According with ROC curve graph presented in Fig. 5, the adaptive SE appears to achieve better results and, considering the original image resolution that is 1296x966 pixels, the differences with other methods become more significant. Also, the the accuracy performance was contrasted with the ROC curve since considering only the accuracy measure can conduct to wrong results and missinterpretations as described by (Zhu, 2010). For example, one of the highest accuracy performances was achieved using an adaptive SE with size of 1x1. However, making a closer view in data presented at Table 2 and contrasting with ROC curve presented in Fig. 6, the true-positive fraction was very low compared with a SE with size of 65x65 were the true-positive fraction assesses the accuracy factor.

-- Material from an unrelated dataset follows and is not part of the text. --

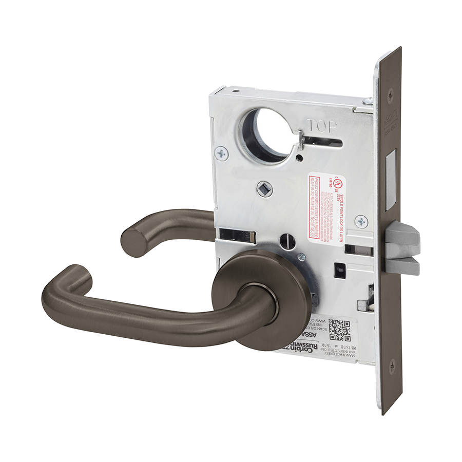 Corbin Russwin ML2065 LWA 613E LC V20 V01 Dormitory Mortise Lock with Deadbolt Indicators, Oil Rubbed BronzeCorbin Russwin ML2065 LWA 613E LC V20 V01 KIT is a robust dormitory mortise lock equipped with a reliable deadbolt and a Lustra lever featuring an A Rose trim. This lock is designed for high-traffic environments, ensuring durability and security in demanding settings. Constructed from heavy-gauge steel, it meets ANSI/BHMA Grade 1 standards, providing peace of mind with its resistance to intrusion and wear. The lock includes dual indicators-a V20 outside indicator showing vacant/occupied status and a V01 inside indicator for locked/unlocked status, both utilizing vivid green/red signals for clear visibility. The direct drive performance ensures consistent torque while the lever return is crisp, preventing sag over time. This model is adaptable, accommodating a variety of trim options and functions, including 63 mechanical and electrified choices. With features like EcoFlex® technology for significant energy savings, a field-reversible latchbolt for easy installation, and compatibility with existing Corbin Russwin key systems, this mortise lock stands out in functionality. The ML2065 is UL Listed and comes with a generous ten-year limited warranty, making it a practical and sustainable choice for any dormitory setting. Choose the Corbin Russwin ML2065 for a blend of innovation, security, and reliability.

Also, it is important to realize about the SE shapes and their content. For example, disk and diamond SE’s are solid shapes unlike those generated by UMDA since it has not restrictions in any way. This means for example, that disk and diamond shapes has not empty regions inside unlike those achieved by UMDA. Due to the presence of empty regions inside of the adaptive SE’s the removal or keeping of certain elements inside the image could be done in a wrong way by the processes of erosion and dilation performed by the top-hat operator. This is an important issue to be addressed and studied on future research works since it could conduct to improve the results by adding shape restrictions to the UMDA. Based on this study, future work will be related to reduce the decay rates by adding constraints to the search strategy in order to overcome current issues and also, as a mean to generate a robust set of structuring elements that could be applied to a wide variety of sizes and sizes of crops into digital images.